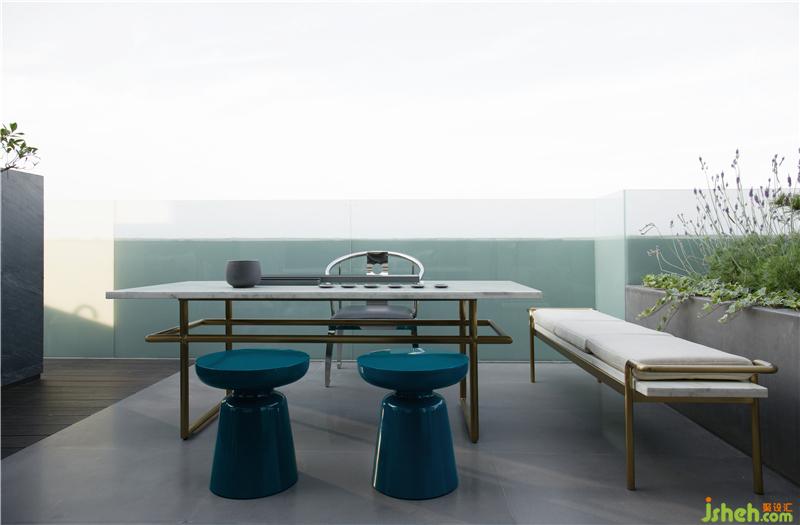 踏上懸空而輕盈的樓梯,迎面而來的是戶外茶室,為了讓視野更加純粹和安逸,四周的欄桿用磨砂玻璃加高,即保護了隱私,又把天空以外的東西給遮擋掉;泡上一壺清茶,沒有世間物的繁雜,讓心情更加豁達。室內(nèi)設(shè)計師
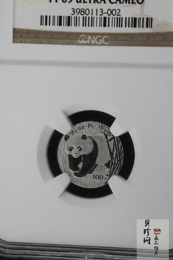 单币:2002年中国熊猫金币发行20周年银铂纪念币1/10盎司精制铂币
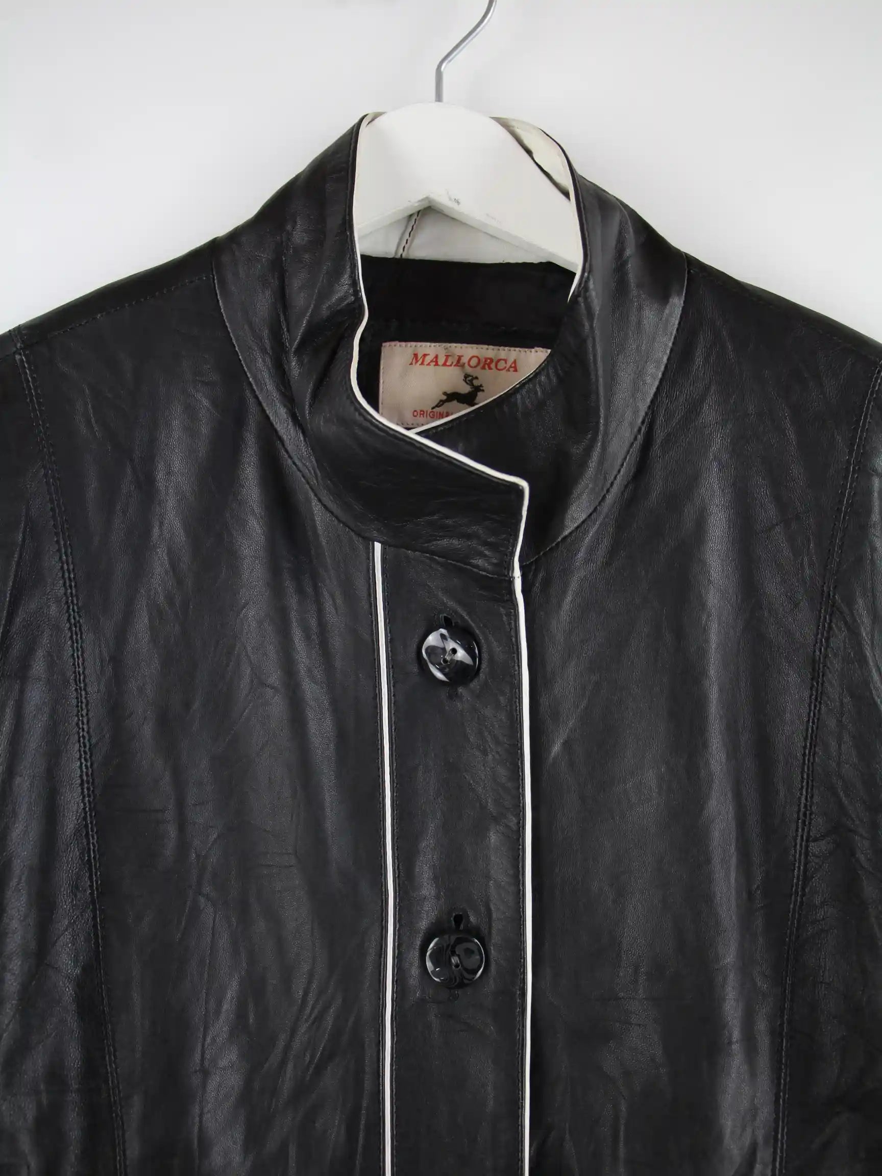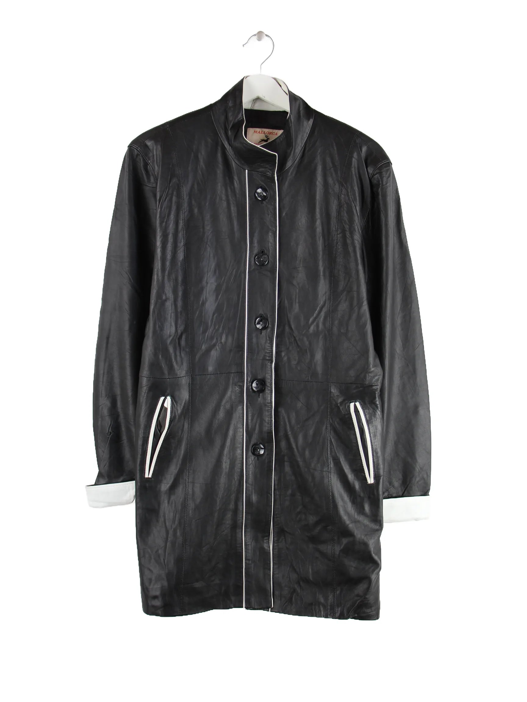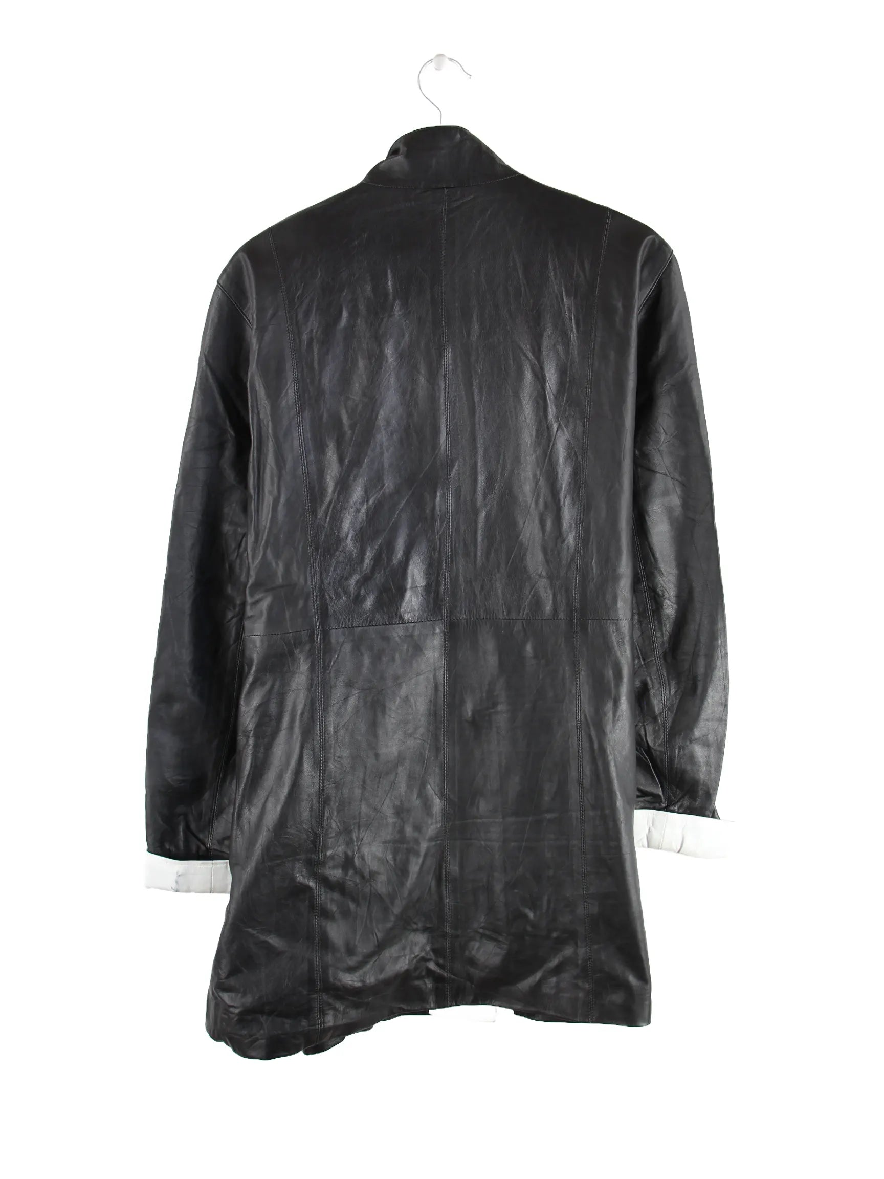 Schwarzer Vintage Mantel in Größe XL. Er ist aus Leder gemacht und in gutem Zustand im Bestand.

Required action
Apart from the images, reproduce the listing exactly as it appears.

Final answer
 踏上懸空而輕盈的樓梯,迎面而來的是戶外茶室,為了讓視野更加純粹和安逸,四周的欄桿用磨砂玻璃加高,即保護了隱私,又把天空以外的東西給遮擋掉;泡上一壺清茶,沒有世間物的繁雜,讓心情更加豁達。室內(nèi)設(shè)計師
 单币:2002年中国熊猫金币发行20周年银铂纪念币1/10盎司精制铂币
 Schwarzer Vintage Mantel in Größe XL. Er ist aus Leder gemacht und in gutem Zustand im Bestand.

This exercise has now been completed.